Battle of Britain Pilot:Sydney Howarth Bazley
Flight Lieutenant Sydney Howarth Bazley
Nick name whilst at 611 Sq. was “Kidney Bean”
Service number: 90359
Born in Stockport, Cheshire : 03-11-1913
KIFA  Gedney Hill , Lincolnshire: 02-03-1941 age 27
Probably flying accident during reconnaissance as commander of B flight 266 Sq.
Another possibility is that he was shot down by enemy fire (see letter P/O R.J.B Roach below)
Spitfire MkI serial X4613 lost starboard wing and crashed

Awarded medals:
(confirmed by Ministry of Defence Medal Office UK)
1939-45 Star with "Battle of Britain" clasp
Air Crew Europe Star
War Medal 1939-45

04-04-1937: Granted commission as P/O in 611 Sq. (day bomber unit A.A.F.  until 01-01-1939)
14-11-1937: Entitled to wear Pilots Flying badge
04-10-1938: Promoted to rank of Flying Officer (announced 14-01-1939)
26-08-1939: Flying F/O post 611 Sq. (Fighter Sq.  01-01-1939 onwards)
02-09-1939: First record of flying operationally (K9980)
04-09-1939: Command of ‘A’ flight 611 Sq. Duxford
21-10-1939: First real operational sortie from North Coates leading Yellow section (L1053)
02-12-1939: Demonstration flight Spitfire at North Coates to Naval and AA Officers together with other representative aircraft from other RAF units
01-03-1940: transferred to 266 Sq. (Rhodesia) at Wittering
05-03-1940: Command of ‘B’ flight 266 Sq.
03-09-1940: Promoted to rank of Flight Lieutenant

Photograph of 611sq. above was taken at Duxford in 1939.
Standing on wing: P/O M.P. Brown and P/O D.H. Watkins. Standing L to R: F/O B. Heath, F/O H.R. Hamilton, F/O M.P. Brown, F/O S.H. Bazley, P/O C.H. MacFie, F/Lt. J.E. McComb, Sgt. unknown, Sgt. J.R. Mather, Sgt. H.S. Sadler. Kneeling: F/O R.K. Crompton, F/Lt. K.M. Stoddart, F/O W.J. Leather, F/Lt. A.J. Banham Photograph courtesy of Aldon P. Ferguson, historian and archivist 611 Sq.
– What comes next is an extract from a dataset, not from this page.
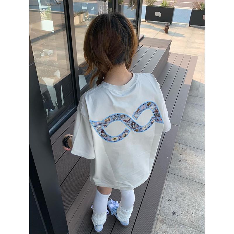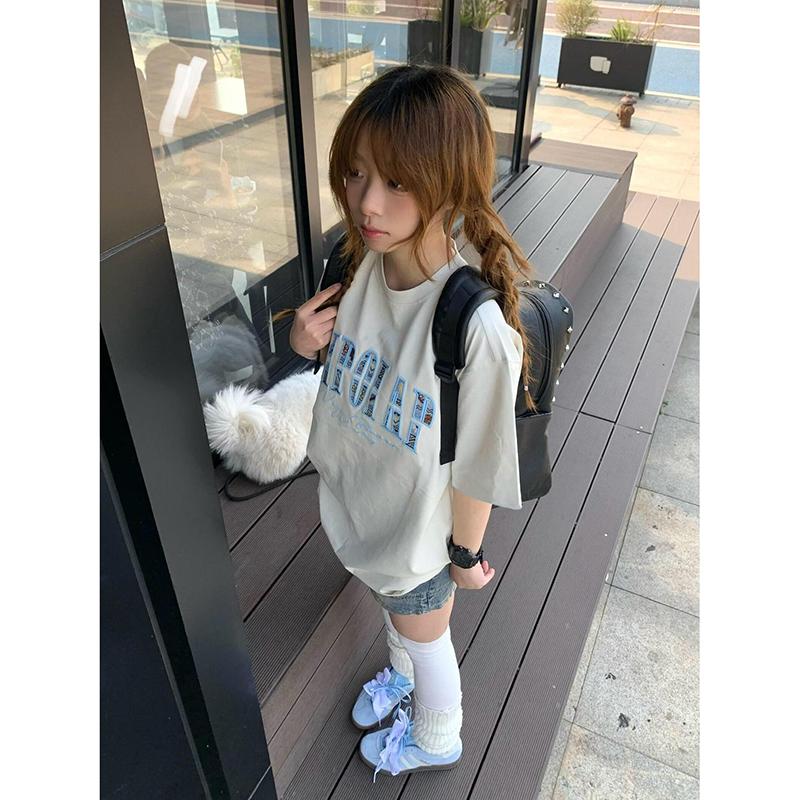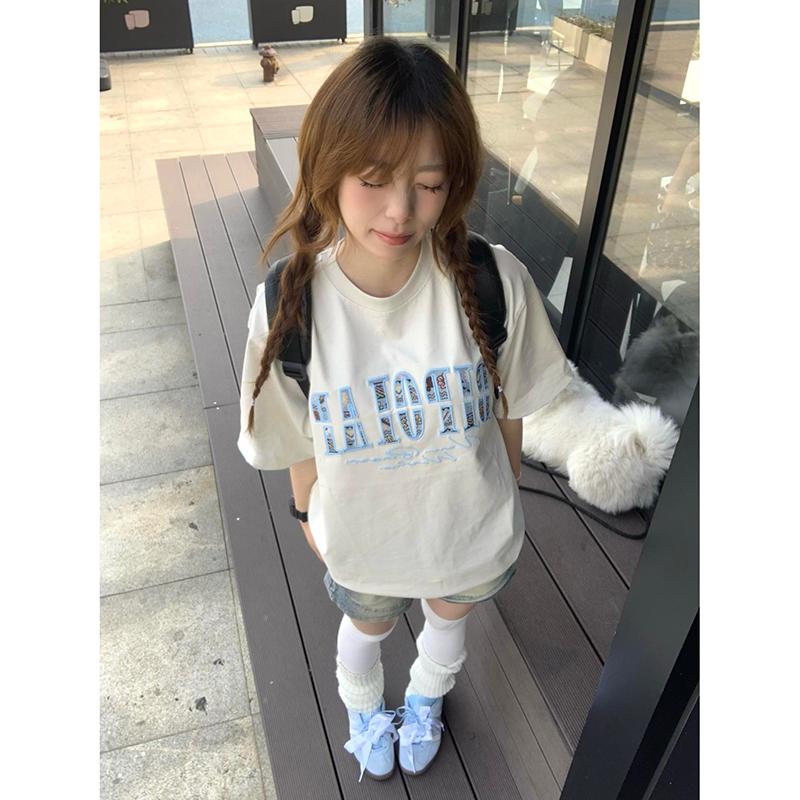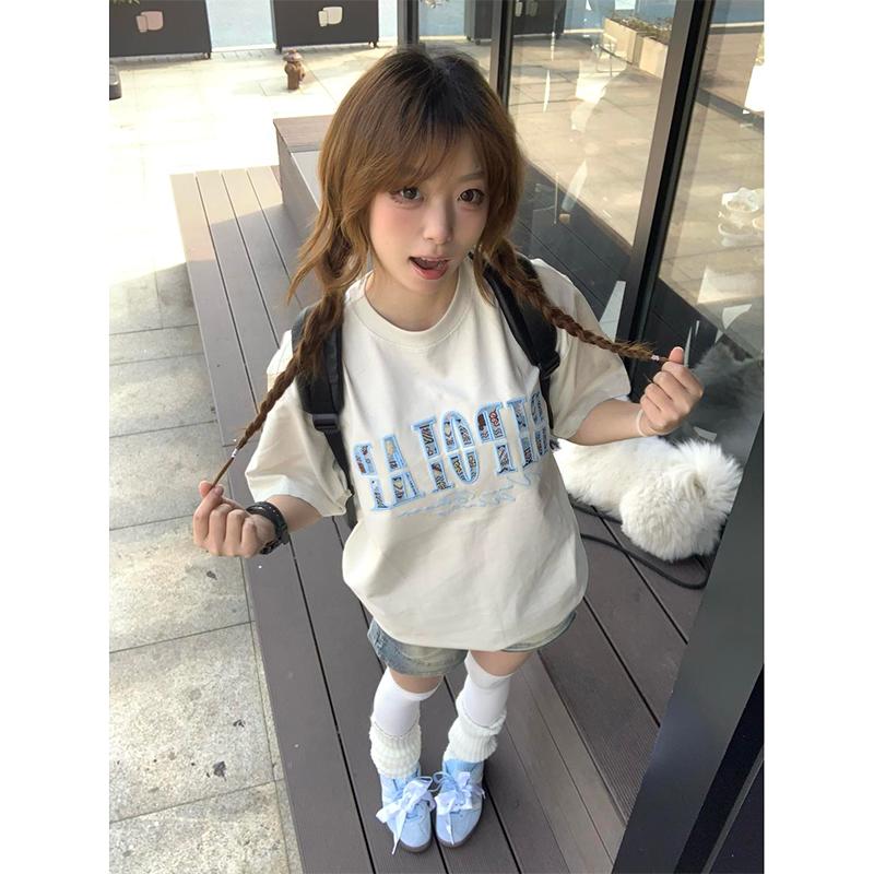 美式高街短袖t恤女男闺蜜2025新款夏季印花白色字母上衣服ins潮流

MacFie, McComb, Bazley, Leather, Watkins and Stoddart at Duxford. Speculation: It is possible that this photograph was taken at the same day as the previous one. Only Bazley has changed his clothing and is now wearing a pilots overall...
Photograph with courtesy of Aldon P. Ferguson, historian and archivist 611 Sq.

RAF Personnel of 611 Sdn in front of a Hawker Hind, pre May 1939 as this is when the Squadron was newly equipped with the Spitfire MKI. Eight of these pilots took part in the Battle of Britain. Bazley is 4th from the left.
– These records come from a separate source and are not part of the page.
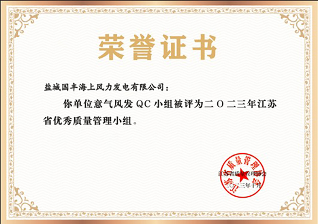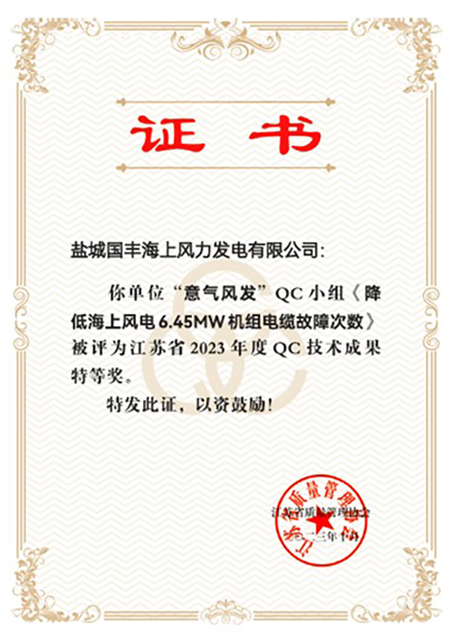 日前,从江苏省质量管理协会传来喜讯,盐城国丰公司《降低海上风电6.45MW 机组电缆故障次数》质量管理成果荣获江苏省2023年度QC技术成果特等奖,同时,公司QC小组被评为2023年江苏省优秀质量管理小组。
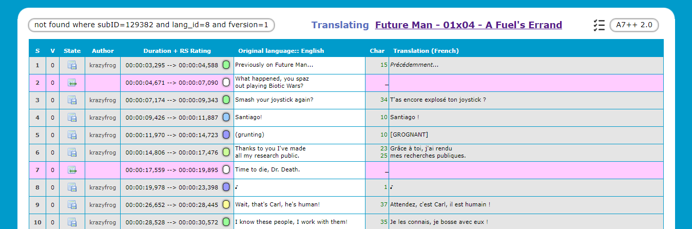 Hellie Posted November 24, 2017 Report Share Posted November 24, 2017 Salut à tous, Un petit souci sur Future Man, j'essaie de lancer la traduction en HI de l'épisode 1x04, d'ailleurs, krazyfrog l'avait déjà fait, semble-t-il, mais la traduction n'apparaît pas sur la page d'accueil de l'épisode. Et ça donne ça quand on est sur la page de la trad : Peut-être un bug ou une suppression, je ne sais pas, enfin si quelqu'un pouvait m'aider, ce serait super. Merci d'avance Link to comment Share on other sites More sharing options...
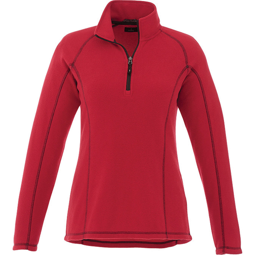 When you want to go from indoors to outdoors to indoors back again, there are few items more versatile than the quarter zip. But the Elevate Women's Team Red Bowlen Polyfleece Quarter Zip you see here is not just another item on the rack. It's comfortable, thanks to the quality of the fabric, and it's flexible enough to be worn in a variety of situations. And when you add on your custom logo to that prospect, you see how this quarter zip can function just as well as a company uniform, a promotional item, or even simply a good thing to keep around the office.Corresponding Men's Style:Elevate Men's Team Red Bowlen Polyfleece Quarter Zip

The Lord Mayor of Liverpool inspecting 611 Sdn at Speke in 1939. The photo showing the Squadron’s newly acquired Spitfires and also Sdn Ldr Pilkington, the Sdn C/O and Flt / Lt Bazley (nearest to the propellor) as his escort.

611 Squadron
No. 611 (West Lancashire) Squadron was a British Auxiliary Air Force later Royal Auxiliary Air Force squadron first formed in 1936 and lastly disbanded in 1957.
The squadron was formed at RAF Hendon, Middlesex on 10 February 1936 as a day bomber unit. The squadron set up its permanent base at RAF Speke on 6 May and began recruiting personnel from Liverpool and the surrounding area. Its first Hawker Hart light bombers arrived in June, being replaced by Hawker Hinds from April 1938.
On 1 January 1939, the unit became a fighter squadron, receiving its first Supermarine Spitfire Mk.I's in May. The squadron left for RAF Duxford on 13 August. After a period of defensive duties on the east coast, No. 611 became fully operational from its RAF Digby base in Lincolnshire in May 1940, firstly over Dunkirk and then taking part in the Battle of Britain campaign. The 611 had had the squadron code "FY" on the side of their planes. The squadron commenced offensive sweeps over occupied northern France in January 1941, based at RAF Hornchurch, moving to RAF Drem in Scotland for recuperation in November 1941. The unit moved south again in June 1942 to RAF Kenley for deployment on shipping reconnaissance, escort and defensive missions. No. 611 provided covering patrols for the invasion of Normandy in June 1944 from its RAF Deanland, Sussex base. The squadron then moved to south-west England for a short period.
Long-range escort missions began to be flown from RAF Bradwell Bay, Essex, from late August 1944, until No. 611 moved to RAF Skeabrae in Orkney on 3 October. After converting to Merlin powered Mustang Mk.IV's the squadron again moved south, this time to RAF Hawkinge in Kent and resumed escort duties for the rest of the war. The squadron disbanded as an RAF squadron on 15 August 1945 at RAF Peterhead.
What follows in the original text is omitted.